[DATA FOR THE TASK — start]

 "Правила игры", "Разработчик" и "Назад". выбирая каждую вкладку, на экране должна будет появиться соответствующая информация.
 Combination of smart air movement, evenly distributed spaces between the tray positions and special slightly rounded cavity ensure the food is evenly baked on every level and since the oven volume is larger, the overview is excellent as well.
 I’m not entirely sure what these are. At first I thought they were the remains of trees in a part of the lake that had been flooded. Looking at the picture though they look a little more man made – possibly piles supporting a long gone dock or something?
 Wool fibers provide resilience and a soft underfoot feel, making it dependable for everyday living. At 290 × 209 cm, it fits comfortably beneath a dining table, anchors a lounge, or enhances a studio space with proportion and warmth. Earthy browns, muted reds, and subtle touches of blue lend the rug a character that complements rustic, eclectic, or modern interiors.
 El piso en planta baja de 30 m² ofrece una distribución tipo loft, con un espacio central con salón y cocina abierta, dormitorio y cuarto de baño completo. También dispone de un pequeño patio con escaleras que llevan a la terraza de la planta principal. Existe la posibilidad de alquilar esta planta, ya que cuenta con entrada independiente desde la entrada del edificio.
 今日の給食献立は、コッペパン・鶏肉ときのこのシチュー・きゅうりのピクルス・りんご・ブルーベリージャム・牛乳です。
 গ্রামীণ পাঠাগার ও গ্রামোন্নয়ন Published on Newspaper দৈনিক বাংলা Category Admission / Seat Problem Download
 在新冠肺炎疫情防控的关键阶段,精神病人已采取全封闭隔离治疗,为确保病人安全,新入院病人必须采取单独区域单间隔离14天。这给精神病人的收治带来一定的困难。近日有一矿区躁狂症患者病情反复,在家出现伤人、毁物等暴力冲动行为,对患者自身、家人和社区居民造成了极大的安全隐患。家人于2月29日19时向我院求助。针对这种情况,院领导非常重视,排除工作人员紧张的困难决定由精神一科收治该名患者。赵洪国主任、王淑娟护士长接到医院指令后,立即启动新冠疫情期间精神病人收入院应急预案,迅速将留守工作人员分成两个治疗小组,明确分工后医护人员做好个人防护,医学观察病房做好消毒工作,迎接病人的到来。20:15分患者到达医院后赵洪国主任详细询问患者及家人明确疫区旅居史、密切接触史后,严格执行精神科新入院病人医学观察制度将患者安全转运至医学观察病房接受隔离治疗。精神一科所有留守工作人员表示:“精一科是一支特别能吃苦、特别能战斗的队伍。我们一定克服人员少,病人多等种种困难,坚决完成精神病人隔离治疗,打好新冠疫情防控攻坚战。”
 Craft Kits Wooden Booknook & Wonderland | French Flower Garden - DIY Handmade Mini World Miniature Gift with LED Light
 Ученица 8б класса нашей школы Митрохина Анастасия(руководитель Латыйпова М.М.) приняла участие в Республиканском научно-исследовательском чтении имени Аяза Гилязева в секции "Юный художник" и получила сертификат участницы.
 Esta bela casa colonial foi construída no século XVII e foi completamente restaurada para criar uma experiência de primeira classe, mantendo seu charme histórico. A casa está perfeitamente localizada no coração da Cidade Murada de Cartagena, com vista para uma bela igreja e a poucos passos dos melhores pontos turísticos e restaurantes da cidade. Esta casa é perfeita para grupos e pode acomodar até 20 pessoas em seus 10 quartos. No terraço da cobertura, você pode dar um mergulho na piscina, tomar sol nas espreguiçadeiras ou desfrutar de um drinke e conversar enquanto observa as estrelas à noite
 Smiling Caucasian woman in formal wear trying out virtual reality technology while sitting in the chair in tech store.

[DATA FOR THE TASK — finish]

TASK REQUIREMENTS | Every entry should be reproduced exactly, with no part omitted.

EXERCISE RESULT |
 "Правила игры", "Разработчик" и "Назад". выбирая каждую вкладку, на экране должна будет появиться соответствующая информация.
 Combination of smart air movement, evenly distributed spaces between the tray positions and special slightly rounded cavity ensure the food is evenly baked on every level and since the oven volume is larger, the overview is excellent as well.
 I’m not entirely sure what these are. At first I thought they were the remains of trees in a part of the lake that had been flooded. Looking at the picture though they look a little more man made – possibly piles supporting a long gone dock or something?
 Wool fibers provide resilience and a soft underfoot feel, making it dependable for everyday living. At 290 × 209 cm, it fits comfortably beneath a dining table, anchors a lounge, or enhances a studio space with proportion and warmth. Earthy browns, muted reds, and subtle touches of blue lend the rug a character that complements rustic, eclectic, or modern interiors.
 El piso en planta baja de 30 m² ofrece una distribución tipo loft, con un espacio central con salón y cocina abierta, dormitorio y cuarto de baño completo. También dispone de un pequeño patio con escaleras que llevan a la terraza de la planta principal. Existe la posibilidad de alquilar esta planta, ya que cuenta con entrada independiente desde la entrada del edificio.
 今日の給食献立は、コッペパン・鶏肉ときのこのシチュー・きゅうりのピクルス・りんご・ブルーベリージャム・牛乳です。
 গ্রামীণ পাঠাগার ও গ্রামোন্নয়ন Published on Newspaper দৈনিক বাংলা Category Admission / Seat Problem Download
 在新冠肺炎疫情防控的关键阶段,精神病人已采取全封闭隔离治疗,为确保病人安全,新入院病人必须采取单独区域单间隔离14天。这给精神病人的收治带来一定的困难。近日有一矿区躁狂症患者病情反复,在家出现伤人、毁物等暴力冲动行为,对患者自身、家人和社区居民造成了极大的安全隐患。家人于2月29日19时向我院求助。针对这种情况,院领导非常重视,排除工作人员紧张的困难决定由精神一科收治该名患者。赵洪国主任、王淑娟护士长接到医院指令后,立即启动新冠疫情期间精神病人收入院应急预案,迅速将留守工作人员分成两个治疗小组,明确分工后医护人员做好个人防护,医学观察病房做好消毒工作,迎接病人的到来。20:15分患者到达医院后赵洪国主任详细询问患者及家人明确疫区旅居史、密切接触史后,严格执行精神科新入院病人医学观察制度将患者安全转运至医学观察病房接受隔离治疗。精神一科所有留守工作人员表示:“精一科是一支特别能吃苦、特别能战斗的队伍。我们一定克服人员少,病人多等种种困难,坚决完成精神病人隔离治疗,打好新冠疫情防控攻坚战。”
 Craft Kits Wooden Booknook & Wonderland | French Flower Garden - DIY Handmade Mini World Miniature Gift with LED Light
 Ученица 8б класса нашей школы Митрохина Анастасия(руководитель Латыйпова М.М.) приняла участие в Республиканском научно-исследовательском чтении имени Аяза Гилязева в секции "Юный художник" и получила сертификат участницы.
 Esta bela casa colonial foi construída no século XVII e foi completamente restaurada para criar uma experiência de primeira classe, mantendo seu charme histórico. A casa está perfeitamente localizada no coração da Cidade Murada de Cartagena, com vista para uma bela igreja e a poucos passos dos melhores pontos turísticos e restaurantes da cidade. Esta casa é perfeita para grupos e pode acomodar até 20 pessoas em seus 10 quartos. No terraço da cobertura, você pode dar um mergulho na piscina, tomar sol nas espreguiçadeiras ou desfrutar de um drinke e conversar enquanto observa as estrelas à noite
 Smiling Caucasian woman in formal wear trying out virtual reality technology while sitting in the chair in tech store.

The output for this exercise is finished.